Odile, the next-door neighbor, arrives every Sunday at the same time. I know (because she told me herself once in the elevator) that she’s coming back from Compiègne, where she visits her boyfriend who’s been trying to earn a transfer to Paris for years. We both hear her huffing, getting out her keys, turning locks. Viviane turns on the light over the sink, lets the water run, and rinses her eyelids with delicate little pools that collect in her palms. She stays standing there, her back to me. She starts to speak. She doesn’t look at me but she starts speaking to me.

“What shoes do you have on?”

It takes me a second or two to catch on. I feel awkward as I look down at my feet, realizing I don’t remember having chosen what to wear this morning. Viviane repeats the question:

“Tell me. What shoes did you put on this morning?”
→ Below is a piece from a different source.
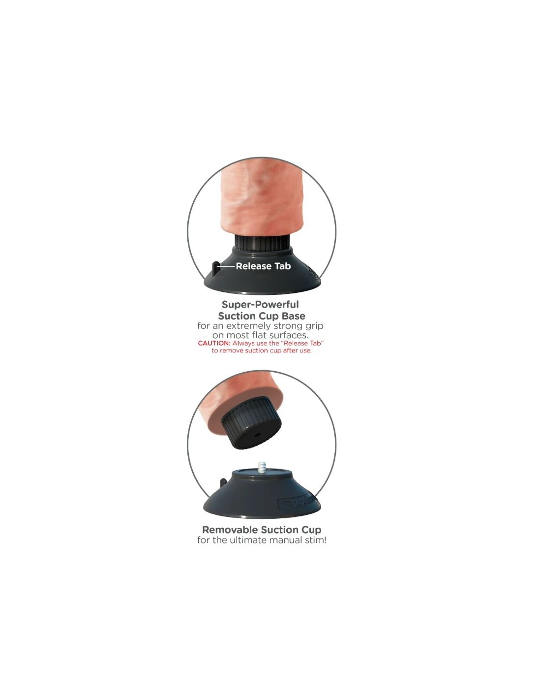Además incorpora una fuerte ventosa para que lo adaptes a cualquier superficie plana o a los arneses King Cock compatibles y son resistentes al agua con lo que podrás usarlos también en la ducha o spa y convertir el tiempo del baño en un tiempo de placer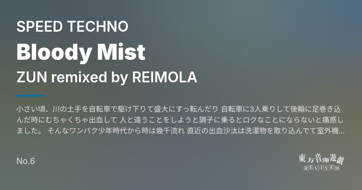 Artist: ZUN remixed by REIMOLA Genre: SPEED TECHNO / 小さい頃、川の土手を自転車で駆け下りて盛大にすっ転んだり 自転車に3人乗りして後輪に足巻き込んだ時にむちゃくちゃ出血して 人と違うことをしようと調子に乗るとロクなことにならないと痛感しました。 そんなワンパク少年時代から時は幾千流れ 直近の出血沙汰は洗濯物を取り込んでて室外機の角に頭ぶつけた時...

“The red ones. Why do you ask?”

“You bought those shoes on a Sunday. Your book had just come out, I think it was that same week, and the publisher hadn’t even paid you the advance. But that morning, while we had breakfast, we made plans to go bowling on Rue Mouffetard. And then you said: I like bowling, but I like bowling shoes even more. I said you should buy some. I told you I’d seen secondhand shoes in Porte de la Chapelle market, and that some of them were colored, like bowling shoes. What did you say to me?”

“I don’t remember.”

“You said that was all very well, but you didn’t have money to spend on colored shoes. What did I say? Do you remember?”

“You said . . .”

“I said you should give yourself an advance on your advance. That you’d earned it for working so hard on your book. That I loved you, and I was proud of you.”

She says all this without looking at me, with her voice echoing off the tiled wall. Then she turns around.

“I saw an interview with you. Before Christmas, I think. Do you know the one?”